Virgin Australia, Skywest Airlines

Virgin Australia has won the approval of the Singaporean competition regulator to take-over Skywest Airlines with a roughly $100 million cash-and-scrip deal.

Skywest, which largely services Western Australia, is incorporated in Singapore along with Singapore Airlines, the owner of budget-carrier Tiger Airways that Virgin is gunning for a 60 per cent stake in.

Both these deals are currently before the Australian Competition and Consumer Commission, which is also considering the proposal from Qantas Airways to form a 10-year alliance with Middle Eastern carrier.

Chairman Rod Sims is expected to release the a draft determination on the Qantas deal sometime this month, with the Virgin decisions to follow in January.

Whatever the outcome, it’s clear that the shape of Australia’s aviation industry will be shaped to an extraordinary extent by our consumer watchdog over the next two months.

Woolworths

Both Qantas and Virgin will be hoping to receive a more favourable decision from the consumer watchdog than the one seemingly destined for Australia’s largest supermarket in the nation’s capital.

The Australian Competition and Consumer Commission released a statement of issues yesterday detailing its concerns over Woolworths’s proposed acquisition of the Hawker Supa IGA in the Canberra suburb of Belconnen.

The regulator said its preliminary view is that the proposed deal could result in a "substantial lessening of competition” in the area.

Stakeholders have until January 13 to make submissions to the ACCC.

It comes on the back of the regulator’s rejection of an attempt by Woolworths to pick up three hardware stores in rural Victoria, which is clearly important given the decision by Woolies to take on Wesfarmers powerhouse Bunnings.

The Australian Financial Review reports that fund managers have discovered in a meeting with Woolworths finance director Tom Pockett that the retail giant’s joint venture partner in the Masters home improvement business, US behemoth Lowe’s, might sell out of its 33 per cent stake in October or November next year.
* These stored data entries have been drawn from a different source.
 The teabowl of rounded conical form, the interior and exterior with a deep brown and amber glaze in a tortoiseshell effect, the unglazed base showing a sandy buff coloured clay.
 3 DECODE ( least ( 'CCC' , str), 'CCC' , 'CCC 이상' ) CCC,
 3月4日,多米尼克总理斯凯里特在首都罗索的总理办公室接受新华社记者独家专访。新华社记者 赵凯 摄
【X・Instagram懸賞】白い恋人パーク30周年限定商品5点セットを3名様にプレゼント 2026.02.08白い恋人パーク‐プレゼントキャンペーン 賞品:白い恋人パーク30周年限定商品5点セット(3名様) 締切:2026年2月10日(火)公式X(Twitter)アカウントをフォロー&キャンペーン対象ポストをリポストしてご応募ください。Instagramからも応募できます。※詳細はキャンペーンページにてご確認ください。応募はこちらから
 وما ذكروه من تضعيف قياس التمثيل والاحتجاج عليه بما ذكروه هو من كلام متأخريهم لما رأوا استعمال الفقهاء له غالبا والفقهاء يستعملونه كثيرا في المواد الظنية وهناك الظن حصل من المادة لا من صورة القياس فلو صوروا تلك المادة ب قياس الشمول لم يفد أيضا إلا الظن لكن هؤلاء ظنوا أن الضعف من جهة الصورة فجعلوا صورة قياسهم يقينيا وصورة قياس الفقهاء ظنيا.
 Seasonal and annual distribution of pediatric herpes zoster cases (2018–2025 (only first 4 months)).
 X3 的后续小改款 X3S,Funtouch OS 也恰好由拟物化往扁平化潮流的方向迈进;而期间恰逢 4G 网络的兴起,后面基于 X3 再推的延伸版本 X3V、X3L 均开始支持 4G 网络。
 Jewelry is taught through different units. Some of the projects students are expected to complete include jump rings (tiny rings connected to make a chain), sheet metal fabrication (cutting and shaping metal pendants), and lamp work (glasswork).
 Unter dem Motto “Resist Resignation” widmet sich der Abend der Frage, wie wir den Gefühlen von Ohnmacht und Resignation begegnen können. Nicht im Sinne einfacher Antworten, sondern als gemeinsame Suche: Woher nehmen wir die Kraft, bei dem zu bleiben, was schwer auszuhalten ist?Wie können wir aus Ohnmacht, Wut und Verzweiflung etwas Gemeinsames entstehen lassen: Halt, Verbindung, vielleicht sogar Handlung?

The report indicates that there’s no sign that Lowe’s will go down that road. But the American leader does have a put option on its stake that could be activated late next year. In that scenario, Woolies would pick up the stake.

GrainCorp, Archer Daniels Midland

Rating agency Moody’s Investors Service has cut its credit rating outlook for Archer Daniels Midland to negative because increased "event risk” relating to its improved $2.8 billion takeover offer for GrainCorp.
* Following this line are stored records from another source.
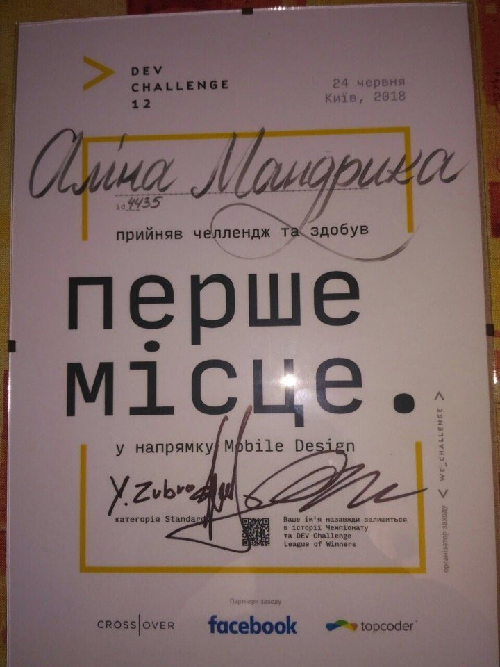 Дизайн мобильного приложения Алины оценили судьи и девушка стала лучшим mobile-дизайнером чемпионата в категории standart, с чем её и поздравляем.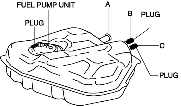 a. Plug the fuel pump unit pipe, ports B and C.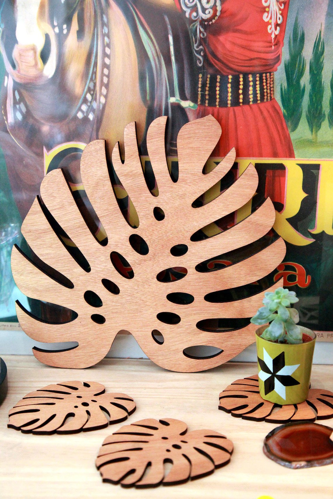 AmericanElm Dining Table Placemats are made of quality Birch plywood material. This set contains 1 pieces Placemat& 3 Coaster. These placemats decorates your dining table and gives it an exotic look and also protects table from scratches and wet marks, the color and design of the mats are praiseworthy and looks very attractive and elegant and will enhance the beauty of your dining as well as your kitchen. These mats are very useful and multi-purpose.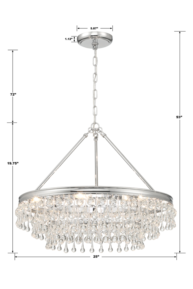Prepare to be captivated by the Calypso collection, where sparkling crystal meets the sleek and contemporary allure of Polished Chrome. This stunning line showcases a mesmerizing interplay of smoothed-shaped clear drops and balls, exuding a luxurious and sophisticated aura. The Polished Chrome finish adds a touch of modern elegance, infusing the collection with a lustrous, reflective surface that reflects light beautifully. Elevate the ambiance of your living room, dining room, or entryway with this striking combination of crystal allure and sleek Polished Chrome aesthetics.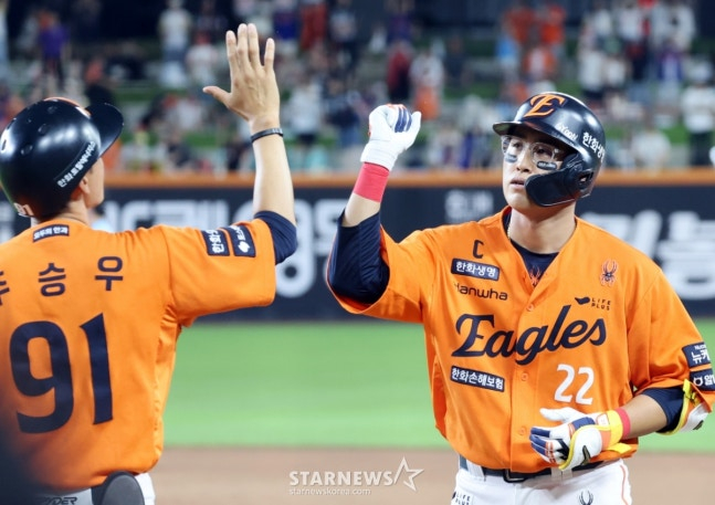 김경문 감독은 "(노)시환이가 그동안 혼자서 힘든 상황에서 잘해줬다. 큰 형(채은성이) 돌아왔으니 조금 더 홀가분하지 않을까 싶다. 어려울 때보다 조금 더 편해질 것 같다. 좋은 흐름을 이어가서 남은 경기를 잘 마무랬으면 좋겠다"고 덧붙였다,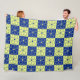 Boho Floral Pattern Blue Yellow Fleece Blanket
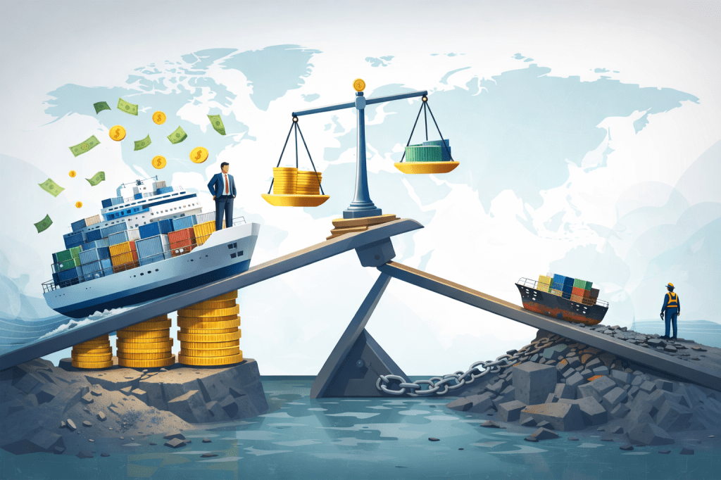 Quienes controlan el financiamiento, los seguros, las certificaciones, los puertos hub y las navieras suelen trasladar costos “río abajo” al consumidor final y a los países del sur global.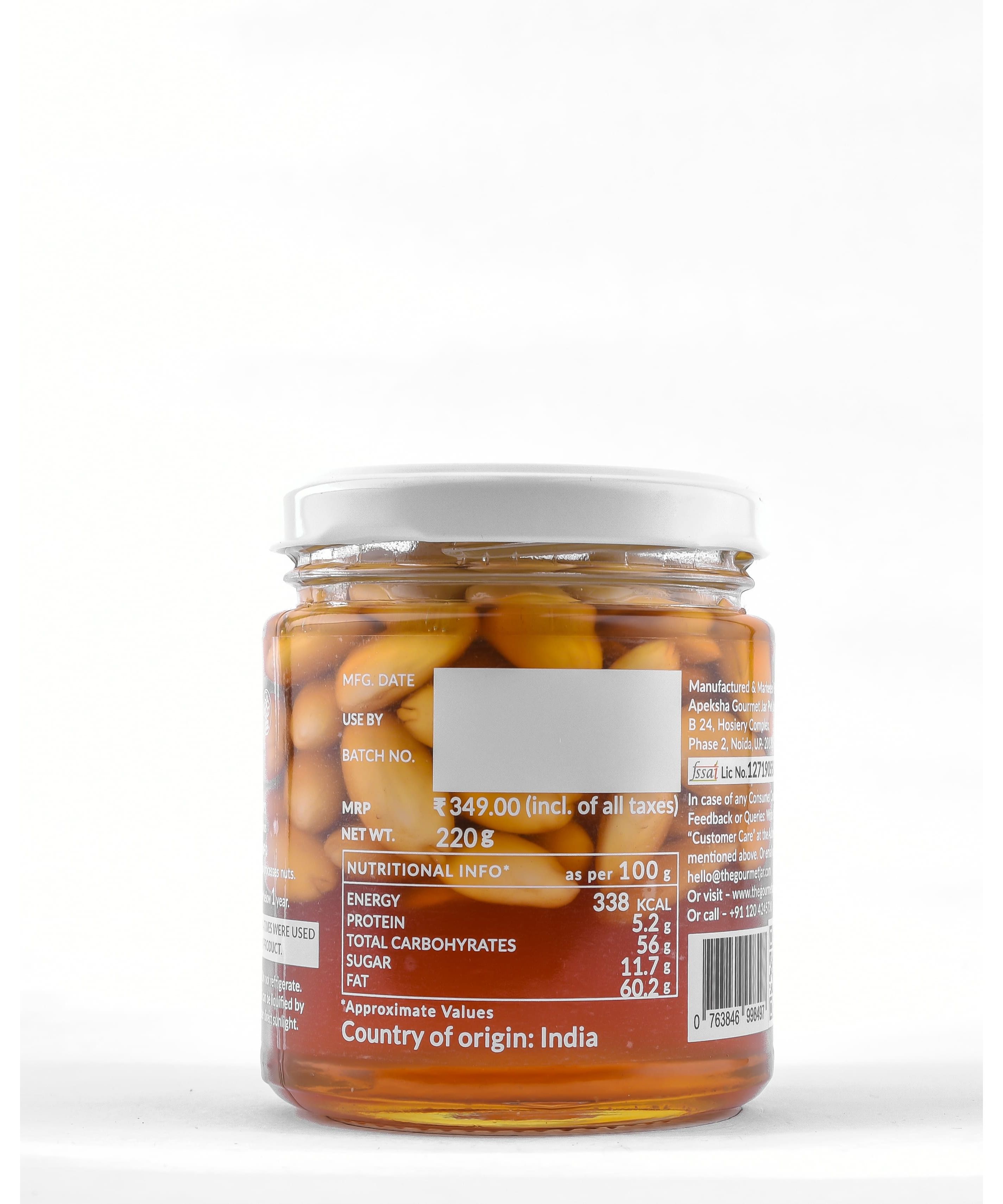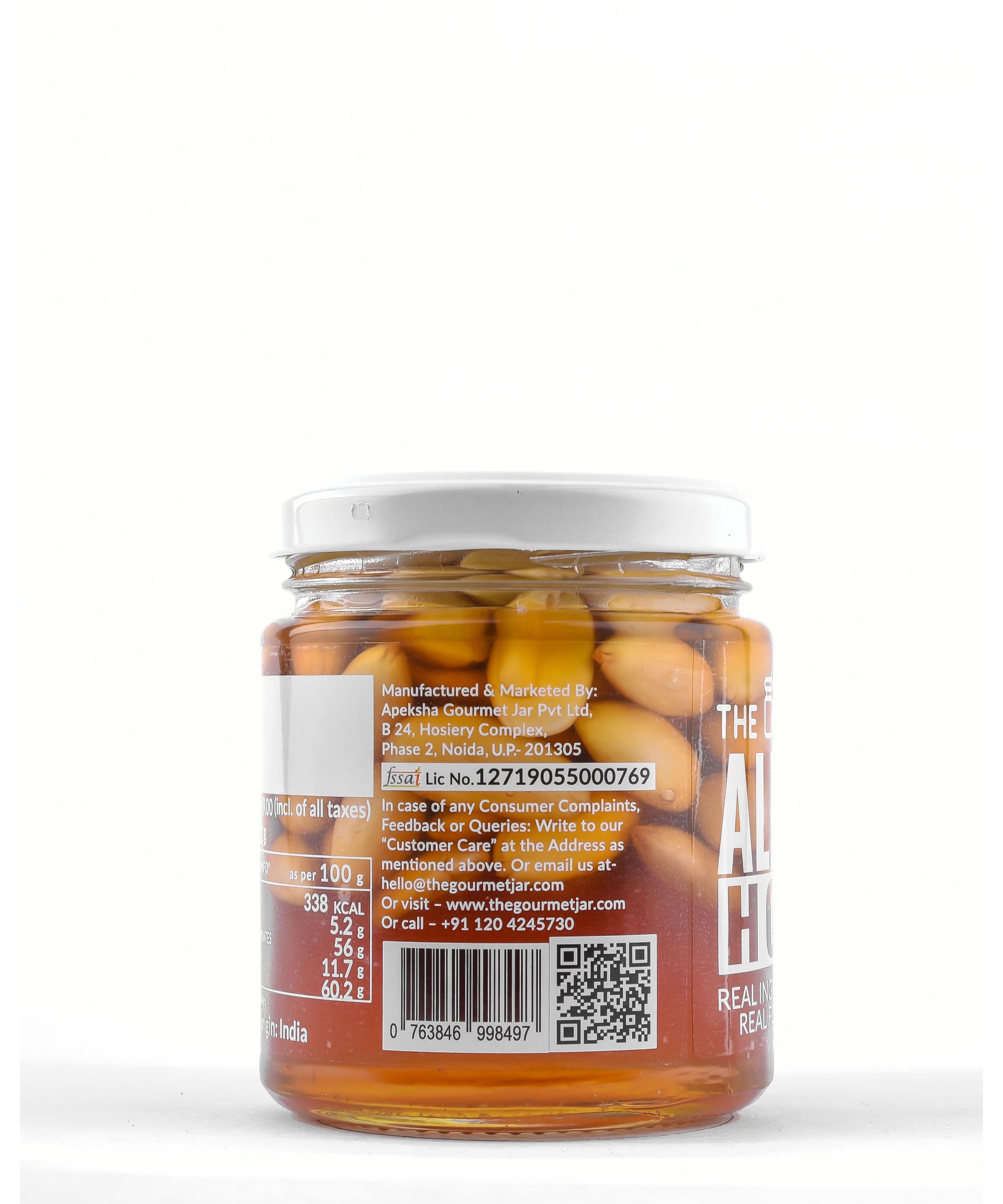 Indulge in the harmonious fusion of flavors with our Almond Honey blend. Carefully crafted, blanched almonds, known for their delicate texture, are lovingly steeped in pure, organic honey sourced from the serene farms of North India. This exquisite combination gives rise to a truly wholesome snack, best savored straight from the jar with a spoon, or used to elevate your favorite treats like yogurt or ice-cream. Every spoonful encapsulates the natural goodness of almonds and the rich sweetness of honey, offering both taste and nourishment in one irresistible jar.

"Any acquisition of GCL without the approval of its board is likely to be a lengthy process due to Australian regulations,” Moody’s said in a statement. Moody’s is particularly concerned about the prospect of a debt-funded acquisition.

ADM hasn’t actually said that it’ll fund the deal with debt and it should be said the company is large enough, and GrainCorp is strategically attractive enough, to command a loan from many sources, regardless of what Moody’s says.

But the ratings agency is nonetheless convinced that ADM’s "credit metrics are already stressed by unusually high crop prices and low volumes due to the US drought, a debt-financed acquisition of this size would be a significant credit negative and likely result in a downgrade of the rating.”

Wrapping up

Sirius Resources, the one that exploded in July from less than a cent per share to more than $2 a few months later, is in a trading halt ahead of a capital raising.

The company is expected to put the funds towards a feasibility study for production of its large nickel-copper discover in Western Australia.

The Australian Financial Review tips Sirius to tap the market for $40 million.

And finally, Leighton Holdings subsidiary John Holland has picked up the contract for stage two construction of Perth’s new children’s hospital. Construction of the first stage of the $1.2 billion project has been completed.

The next stage, worth $851 million, brings the total value of the company’s Australian healthcare projects close to $2 billion.